Netflix (NASDAQ: NFLX) is one of the first major growth stocks to report earnings every quarter, and its second-quarter earnings report is already less than a month away. The streaming TV company will report its latest quarterly results on July 17.
Ahead of the earnings release, expectations are high. Despite recent rate hikes on customers' subscriptions, Netflix continues to attract millions of new customers every quarter. The company's first-quarter subscriber growth came in well ahead of both management's and analysts' forecasts as customers flocked to watch the media company's growing menu of high-quality original content.
Can Netflix keep up its strong momentum?
When the streaming TV giant reports its second-quarter results, here's what to watch for.

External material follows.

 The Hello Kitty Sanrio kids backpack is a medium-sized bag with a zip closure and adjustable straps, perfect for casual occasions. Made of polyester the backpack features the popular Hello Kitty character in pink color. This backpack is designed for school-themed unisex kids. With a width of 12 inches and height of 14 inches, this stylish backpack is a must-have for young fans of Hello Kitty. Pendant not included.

Image source: Getty Images.
Paid member additions
As is usually the case, Netflix's paid net member additions will likely be the most closely watched metric in the quarterly update. The company added 9.6 million paid members in Q1 -- significantly more than the 8.9 million management had forecast for the period.

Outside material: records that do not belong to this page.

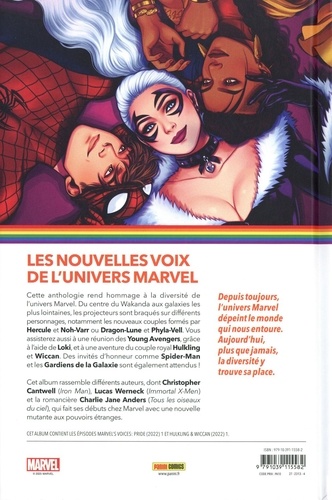 La communauté LGBT+ de Marvel prend le pouvoir ! Dragon-Lune, Hercule, Wiccan, Hulkling et bien d'autres s'élancent dans de nouvelles aventures totalement inédites, dans un album qui célèbre toute la diversité de la Maison des Idées. Cet enthousiasmant titre recueille le long one-shot consacré au couple gay le plus célèbre de l'univers Marvel : Wiccan et Hulkling. Il présente aussi une série d'histoires plus courtes imaginées par les auteurs les plus progressistes de l'industrie, parmi lesquels Christopher Cantwell (Iron Man), Alyssa Wong (Doctor Aphra) ou encore la romancière à succès Charlie Jane Anders (Prix Locus 2022 du meilleur roman pour jeunes adultes) qui crée ici un nouveau personnage !
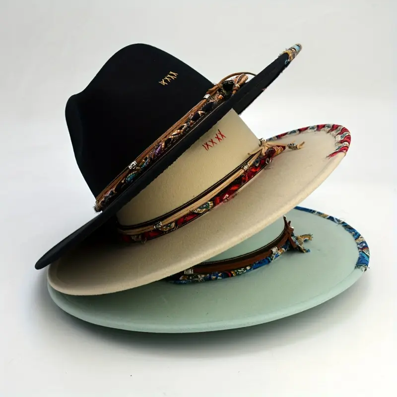 Boho Trim Rope Decor Fedora Hats Classic Solid Color British Style Felt Hat Trendy Jazz Fedoras For Women Men
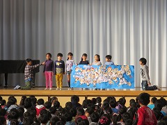 2015.12.16(水) 「ぜひ見にきてください」 1ねんせいは、こくごでべんきょうした「くじらぐも」のおはなしにあわせて、1ねんせいになってからできるようになったことをはっぴょうします。 |
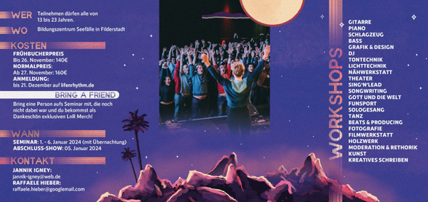 Aus der musisch-kulturellen Jugendarbeit von TEN SING ist das Programm life´n´rhythm entstanden. Bei life’n’rhythm erleben 150 Jugendliche zwischen 13 und 23 Jahren eine Woche lang eine einzigartige, lebensverändernde, tiefgehende und lockerleichte Zeit. Das Seminar bietet:
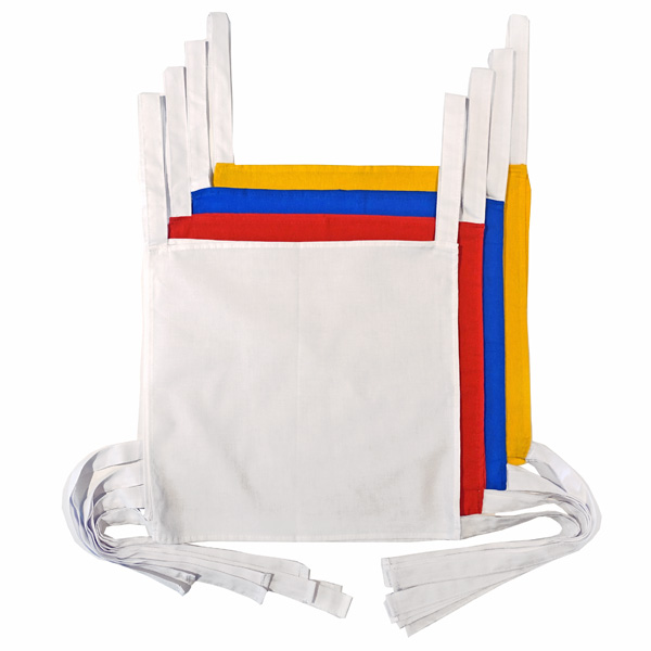 既製品のカラー無地ゼッケンを販売しております。オーソドックスな肩ひもタイプのゼッケンです。色は白、赤、青、黄色の4色、生地は木綿100%です。

In Netflix's second quarter, management expects to add 5 million new paid members. In contrast to recent quarterly trends, this figure would be below the 5.45 million new paid members Netflix garnered in the year-ago quarter.

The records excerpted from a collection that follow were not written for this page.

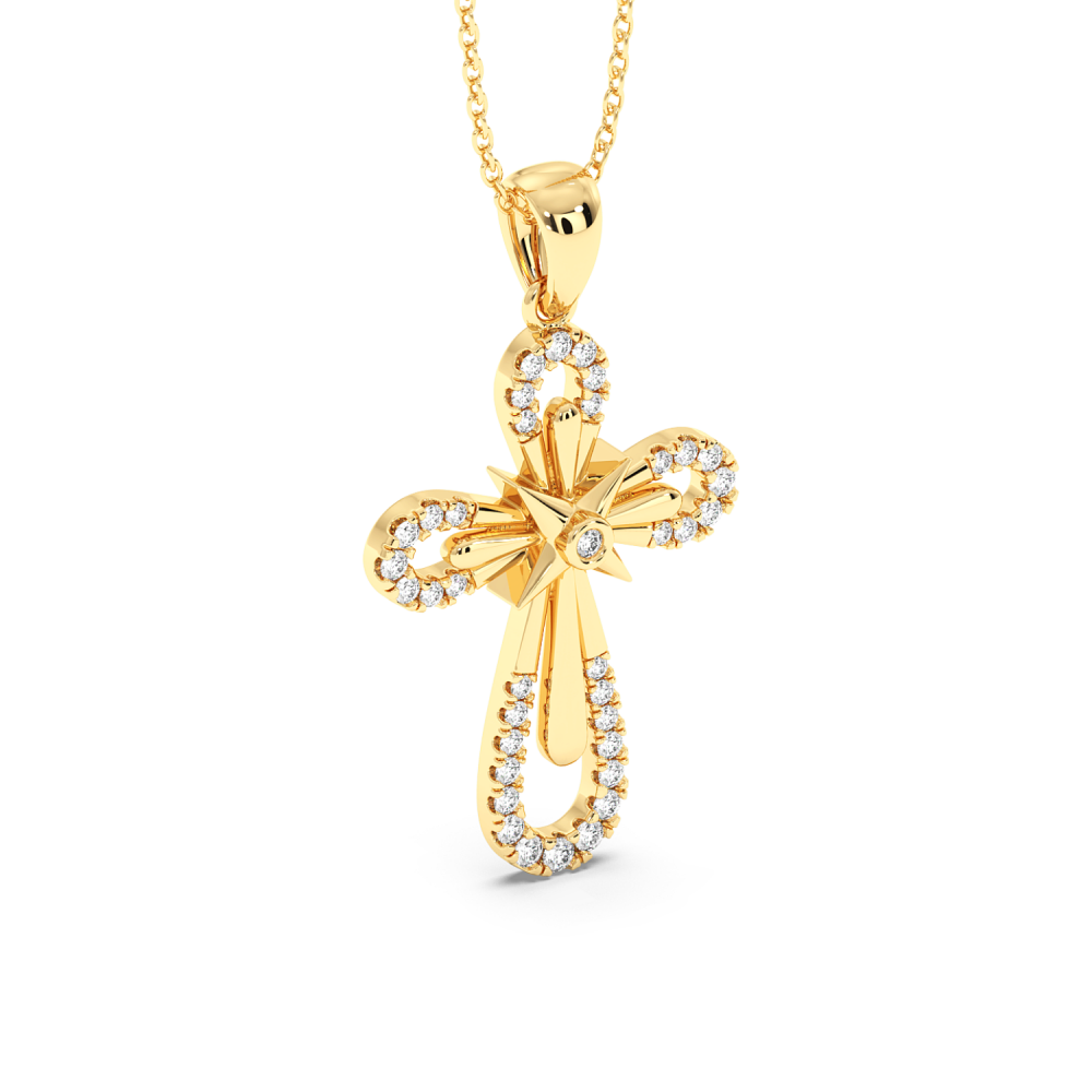 14 K gold cross pendant with 0.29ct diamonds. The weight of the cross is approximately 3.30 grams.
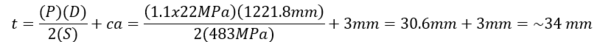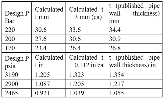 En la ecuación Barlow, no incorpora una previsión para la corrosión. Si incluimos 3 mm como representativo (cp), se ve lo siguiente:
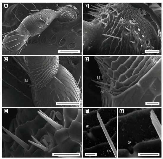 Böhm sensilla (BS) and glandular pore (gp). Böhm sensilla: (A) Scape and pedicel of the left female antenna, dorsal face; (B) Böhm sensilla on the scape; (C) Böhm sensilla at the base of pedicel; (D) close-up of Böhm sensilla; (E) bifurcated Böhm sensilla on the scape. Glandular pore: (F) glandular pore near sensillum C5 on antennomere IV; (G) close-up of glandular pore. Scale bars = (A): 100 µm; (B): 20 µm; (C): 50 µm; (D,E): 10 µm; (F,G): 5 µm.
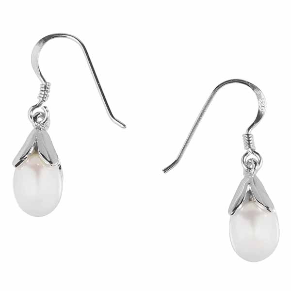 Hopeiset roikkuvat helmikorvakorut kauniilla kukkamaisella istutuksella. Korvakoruissa on klassinen koukkukiinnitys. Kauniiden vaaleiden helmien koko on 7 mm. Materiaali 925 hopea.

But there's a good explanation for management's conservative forecast. The company's content schedule favors the second half of the year. Beginning in July, Netflix has a long list of big-name series and movies coming out, including the latest seasons of Stranger Things, 13 Reasons Why, and Orange Is the New Black, and Michael Bay's new film, Six Underground. These are the type of shows that bring in record numbers of subscribers.
Paid international member additions
Investors should also watch Netflix's international growth, as growth outside of the U.S. now represents the bulk of the company's net member additions. In Q1, for instance, about 80% of net member additions were international.
Look for international net additions to be close to the 3.7 million members the company added in the second quarter of 2018.
Finally, investors should check in on Netflix's operating margin, or its operating profit as a percentage of revenue. The company's operating margin fell year over year in Q1, declining from 12.1% in the first quarter of 2018 to 10.2%. In the company's second quarter, however, Netflix expects an operating margin of 12.5% -- higher than an operating margin of 11.8% in the second quarter of 2018.
Importantly, investors should look for Netflix to at least maintain its guidance for its full-year operating margin to be 13%. Management believes it can pull this off because it expects its second-half operating margin to be higher than it was during the first half of the year.
Keep an eye out for Netflix's second-quarter update after market close on Wednesday, July 24.